A minimal measurement setup

You don’t need a full analytics platform to start measuring. A simple spreadsheet tracking per-PR data works:

| PR | Date | Agent-generated? | Lines | Iterations to merge | Defects (30d) | Notes |

After 10–20 features, patterns emerge. Invest in proper tooling once you know which metrics matter most for your team.

What not to measure

Lines of code generated. It measures output volume, not output quality. A 500-line PR that requires a 400-line rewrite is worse than a 50-line PR that ships clean.

Number of PRs per day. Volume without quality is rework waiting to happen.

Agent uptime or usage rate. These are input metrics. You want output metrics.

Individual engineer acceptance rates. Acceptance rate varies by task complexity.

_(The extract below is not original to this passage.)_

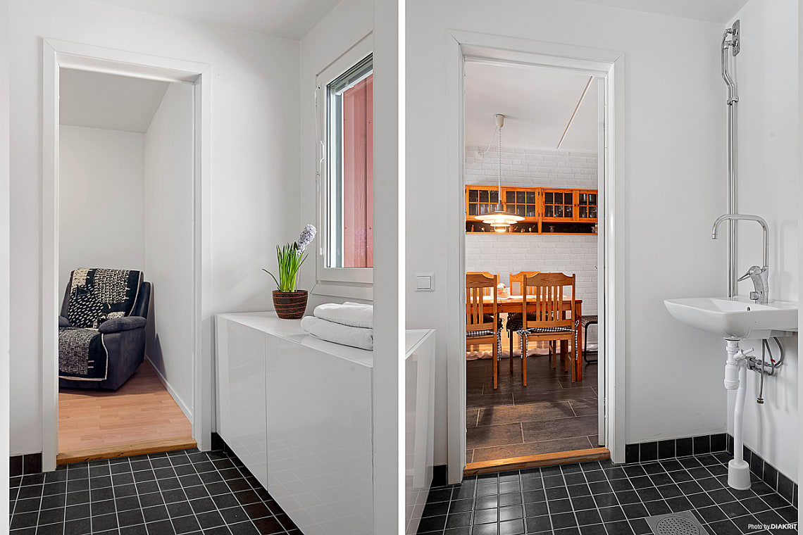 Innanför köket finns ett grovkök med handfat och förberett för tvättmaskin.

Use it at team level, not individual level.

The feedback loop

Measurement only creates value if it closes a feedback loop:

Measure → Diagnose → Change process → Measure again

A concrete example: acceptance rate drops from 82% to 65% over three sprints. Diagnose: PRs from the new payments context have low acceptance rate. Root cause: the payments context AGENTS.md is missing authorisation rules. Fix: add authorisation rules to AGENTS.md. Measure: acceptance rate recovers to 80% over the next three sprints.

That feedback loop — measure, diagnose, fix upstream — is how AI-assisted engineering improves over time rather than plateau-ing at whatever quality level it started at.